More importantly, let Modi naysayers not forget that 20 billion dollars is what India attracted in investments and pledges from 15 companies in just three months from April to July 2020 during the Covid-19 pandemic.

This US $20bn is a massive vote of confidence for Modinomics, by some of the world's largest and richest corporations like Google, Facebook, Walmart, Samsung, Apple, Saudi Arabia’s PIF, SGS, Axtria, and so on.

Taiwanese company, Pegatron, is the fourth Apple supplier to decide to set up a base in India, after Foxconn, Wistron and Compal Electronics, have pledged billions,I n India's journey towards becoming a global electronics hub.

Suffice to say that India is not alone in this misfortune. Every global behemoth has been adversely impacted by Covid. But unlike others, India has a vibrant rural economy, accounting for over 50 per cent of our workforce.

News has it that Australia is facing its worst recession in 30 years. China's food shops are running out of supplies and the US might end the year with a 4.2 per cent drop in consumption. In sharp contrast, India is doing a far better job in dealing with the Wuhan virus.

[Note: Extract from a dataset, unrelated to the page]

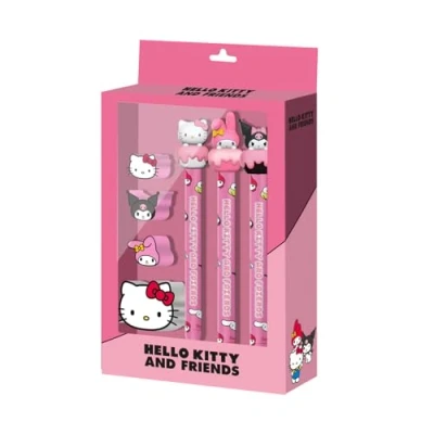 Officially licensed stationery pack, includes 3 pencils, 3 erasers, and sharpener Pencil without ink or refill, with a metal tip that writes smoothly without needing refills Rotating 3D decorative figures of Kuromi, My Melody and Hello Kitty on the top The pack comes packaged in a themed cardboard gift box Dimensions: 3.5 x 14 x 23 cm
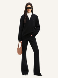 Straight V-neck wool sweater with zip fastening and long sleeves. AC logo on chest. This item is unisex. The female model is 1.78 m tall and the male model is 1.90 m tall, both wearing a size M. DETAILS Composition: 100% merino wool Country of Manufacture: PT SKU: 324MPU179FI00369999 Color: Black

At his US-India Strategic Partnership Forum (USISPF) address, Mr Modi said, “We are future-proofing India in every way, enabling New India to take off.” Well, Modi's words have found resonance.

India's Hero Motocorp, the world’s largest two-wheeler company that derives over 65 per cent sales from rural areas, for example, reported a healthy 7.6 per cent year on year growth in overall sales, selling 5.8 lakh units in August 2020.
Ditto for M&M that derives over 50 per cent sales from rural India — it saw a robust 28 per cent YoY rise in overall tractor sales in July 2020.

Maruti Suzuki saw a 21.3 per cent growth in car sales in August, while Tata Motors saw a splendid 154 per cent growth in auto sales. Indeed, since auto sales are a lead indicator, India’s September quarter GDP should see a sharp bounce-back, aided by government spending, which is moving ahead in full throttle, undeterred by the pandemic.